> Records shown:

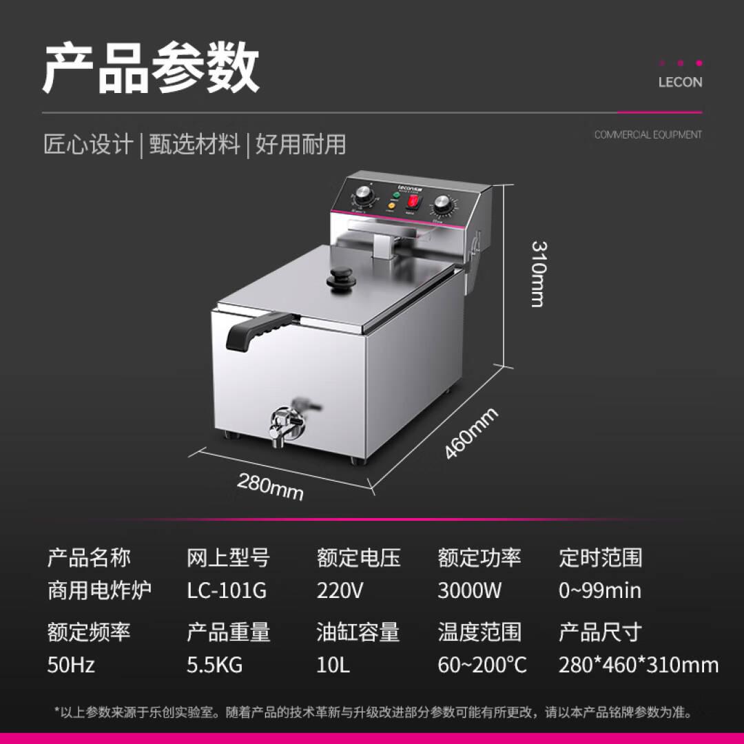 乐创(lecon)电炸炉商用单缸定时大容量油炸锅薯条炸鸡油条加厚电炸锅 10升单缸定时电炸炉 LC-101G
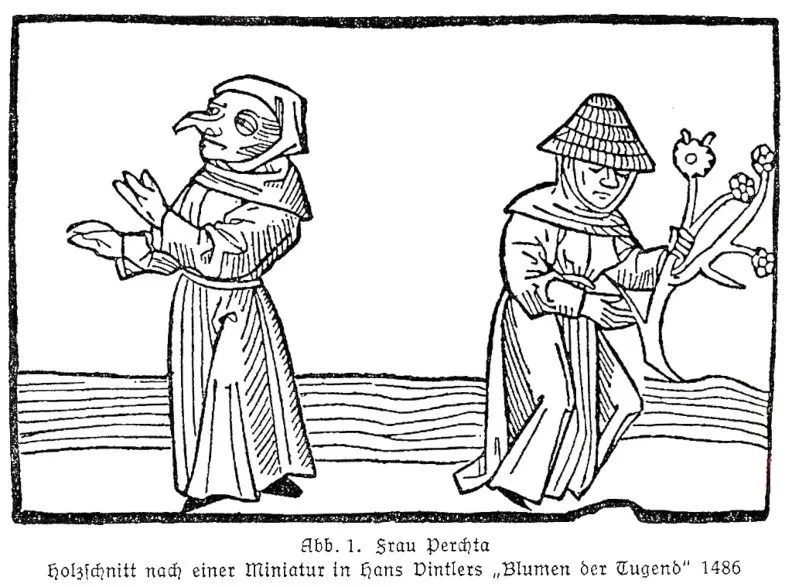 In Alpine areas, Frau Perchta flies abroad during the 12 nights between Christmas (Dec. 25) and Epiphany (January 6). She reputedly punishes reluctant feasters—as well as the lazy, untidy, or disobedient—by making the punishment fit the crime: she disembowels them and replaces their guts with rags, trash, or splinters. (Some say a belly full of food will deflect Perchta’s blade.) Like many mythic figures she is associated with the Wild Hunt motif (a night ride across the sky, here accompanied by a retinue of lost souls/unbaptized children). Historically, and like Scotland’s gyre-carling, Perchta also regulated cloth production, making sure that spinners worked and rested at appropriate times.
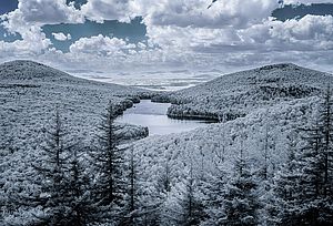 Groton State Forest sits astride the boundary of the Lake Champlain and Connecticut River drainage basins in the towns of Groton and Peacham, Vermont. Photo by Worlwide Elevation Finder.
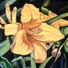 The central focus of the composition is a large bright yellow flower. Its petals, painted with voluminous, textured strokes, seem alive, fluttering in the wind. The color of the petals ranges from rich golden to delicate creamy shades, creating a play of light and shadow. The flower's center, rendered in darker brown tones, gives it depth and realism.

--

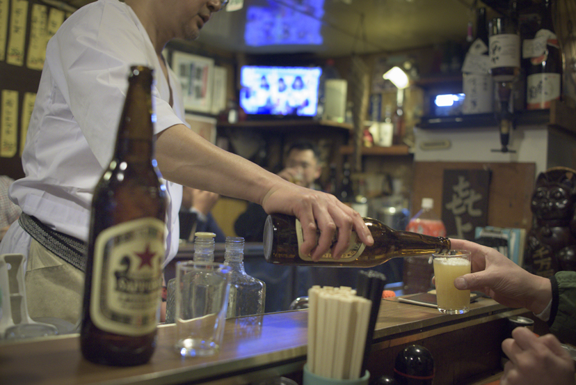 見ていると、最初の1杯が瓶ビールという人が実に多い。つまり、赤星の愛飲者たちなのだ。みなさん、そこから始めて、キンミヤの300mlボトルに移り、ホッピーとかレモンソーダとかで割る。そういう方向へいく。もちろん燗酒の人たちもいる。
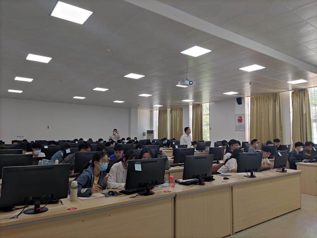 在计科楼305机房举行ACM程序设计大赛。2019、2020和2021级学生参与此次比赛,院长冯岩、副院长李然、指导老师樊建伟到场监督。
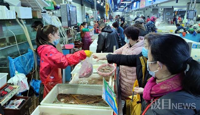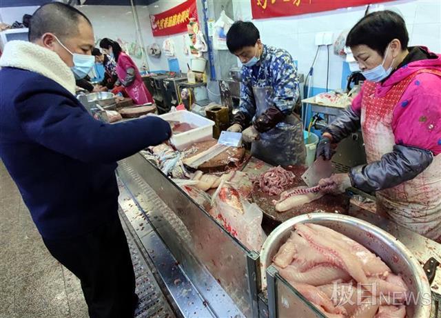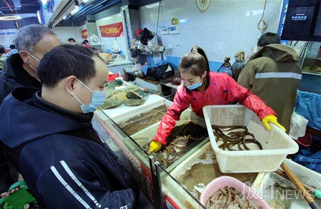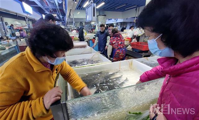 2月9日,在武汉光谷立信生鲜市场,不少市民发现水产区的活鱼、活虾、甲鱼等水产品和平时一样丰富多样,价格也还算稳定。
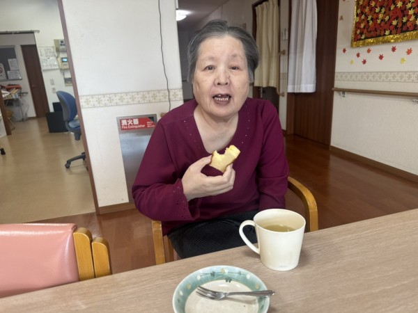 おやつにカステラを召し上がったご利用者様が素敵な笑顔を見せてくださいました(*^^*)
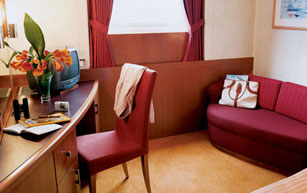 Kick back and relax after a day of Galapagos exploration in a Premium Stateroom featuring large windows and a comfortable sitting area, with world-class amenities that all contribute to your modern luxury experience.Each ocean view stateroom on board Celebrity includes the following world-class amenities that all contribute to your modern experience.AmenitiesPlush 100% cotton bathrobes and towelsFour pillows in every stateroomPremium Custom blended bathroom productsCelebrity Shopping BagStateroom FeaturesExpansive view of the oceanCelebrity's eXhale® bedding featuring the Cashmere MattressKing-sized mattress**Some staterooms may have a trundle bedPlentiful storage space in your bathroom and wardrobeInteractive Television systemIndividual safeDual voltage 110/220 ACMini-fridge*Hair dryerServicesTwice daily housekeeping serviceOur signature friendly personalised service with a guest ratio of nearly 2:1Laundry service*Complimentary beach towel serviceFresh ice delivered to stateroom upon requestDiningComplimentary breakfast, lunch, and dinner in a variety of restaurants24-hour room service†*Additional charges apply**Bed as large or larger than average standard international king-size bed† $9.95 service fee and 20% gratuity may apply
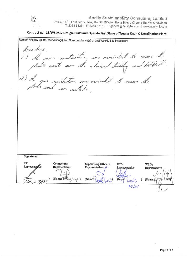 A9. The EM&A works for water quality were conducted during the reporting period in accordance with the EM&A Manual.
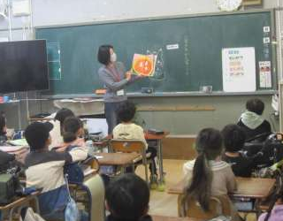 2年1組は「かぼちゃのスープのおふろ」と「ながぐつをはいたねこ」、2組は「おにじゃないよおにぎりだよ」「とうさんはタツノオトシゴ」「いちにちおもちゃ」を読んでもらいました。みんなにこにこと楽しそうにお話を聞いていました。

> About this task:
From the records above, extract the lines from the one holding "2月9日,在武汉光谷立信生鲜" through the one holding "2年1組は「かぼちゃのスープ", word for word; omit the pictures.

> Completed task:
 2月9日,在武汉光谷立信生鲜市场,不少市民发现水产区的活鱼、活虾、甲鱼等水产品和平时一样丰富多样,价格也还算稳定。
 おやつにカステラを召し上がったご利用者様が素敵な笑顔を見せてくださいました(*^^*)
 Kick back and relax after a day of Galapagos exploration in a Premium Stateroom featuring large windows and a comfortable sitting area, with world-class amenities that all contribute to your modern luxury experience.Each ocean view stateroom on board Celebrity includes the following world-class amenities that all contribute to your modern experience.AmenitiesPlush 100% cotton bathrobes and towelsFour pillows in every stateroomPremium Custom blended bathroom productsCelebrity Shopping BagStateroom FeaturesExpansive view of the oceanCelebrity's eXhale® bedding featuring the Cashmere MattressKing-sized mattress**Some staterooms may have a trundle bedPlentiful storage space in your bathroom and wardrobeInteractive Television systemIndividual safeDual voltage 110/220 ACMini-fridge*Hair dryerServicesTwice daily housekeeping serviceOur signature friendly personalised service with a guest ratio of nearly 2:1Laundry service*Complimentary beach towel serviceFresh ice delivered to stateroom upon requestDiningComplimentary breakfast, lunch, and dinner in a variety of restaurants24-hour room service†*Additional charges apply**Bed as large or larger than average standard international king-size bed† $9.95 service fee and 20% gratuity may apply
 A9. The EM&A works for water quality were conducted during the reporting period in accordance with the EM&A Manual.
 2年1組は「かぼちゃのスープのおふろ」と「ながぐつをはいたねこ」、2組は「おにじゃないよおにぎりだよ」「とうさんはタツノオトシゴ」「いちにちおもちゃ」を読んでもらいました。みんなにこにこと楽しそうにお話を聞いていました。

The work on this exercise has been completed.